Cholesterol is carried around your body by a protein in your blood. This combination of fat and protein is called a lipoprotein. There are different types of lipoprotein, and they may be harmful or beneficial to your health.
High-density lipoprotein (HDL)
High-density lipoprotein (HDL) helps to get rid of excess cholesterol from your blood vessels. It does this by carrying cholesterol from your tissues (including the walls of arteries) to your liver. Your liver then breaks down the cholesterol so your body can get rid of it. As HDL helps prevent cholesterol building up in your blood vessels, it helps to reduce your risk of heart disease and stroke. This is why HDL is often referred to as ‘good’ cholesterol.
Low-density lipoprotein (LDL)
Low-density lipoprotein (LDL) carries cholesterol from your liver to the cells around your body where it’s needed. But if the level of LDL in your blood is too high, it can form fatty deposits in your arteries. This increases your risk of heart disease and stroke. For this reason, LDL is often called ‘bad’ cholesterol.
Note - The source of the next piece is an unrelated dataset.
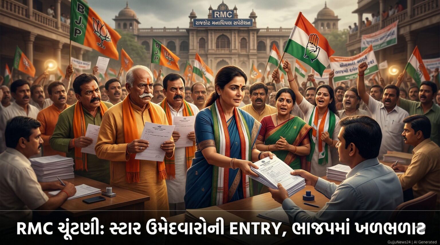 રાજકોટ મહાનગરપાલિકા ચૂંટણી 2026: ઉમેદવારી ફોર્મ ભરવાનો ધમધમાટ અને રાજકીય હડકંપ રાજકોટ, ગુજરાત — રાજકોટ મહાનગરપાલિકા (Rajkot Municipal Corporation - RMC) ચૂંટણી 2026ને લઈને શહેરનો રાજકીય માહોલ ચરમસીમાએ પહોંચી ગયો…

High cholesterol doesn’t cause any symptoms itself. But if you have it, it can lead to serious problems affecting your heart and circulation, such as heart attack and stroke. You may start to develop symptoms of heart disease such as angina (chest pain). See your GP if you notice any symptoms like this.
Your cholesterol level can be measured with a simple blood test. Your doctor or nurse may take a blood sample using either a needle and syringe, or a finger prick.
The amount of cholesterol in your blood is measured in units called millimoles per litre of blood, usually shortened to ‘mmol/L'. There are different types of cholesterol in your blood, and your blood test will show how much of each type you have. High-density lipoprotein (HDL) helps to protect your body from heart disease and stroke, while low-density lipoprotein (LDL) increases your risk.
Your doctor will look at your total cholesterol level and how much HDL you have compared to your total cholesterol (this is called your total cholesterol to HDL cholesterol ratio). The blood test will also measure the levels of another type of fat in your blood, called triglycerides. A high level of triglycerides is also a risk factor for heart disease and stroke.
The levels of cholesterol in your blood can vary from day to day, so your doctor may want to repeat the test before recommending any treatment.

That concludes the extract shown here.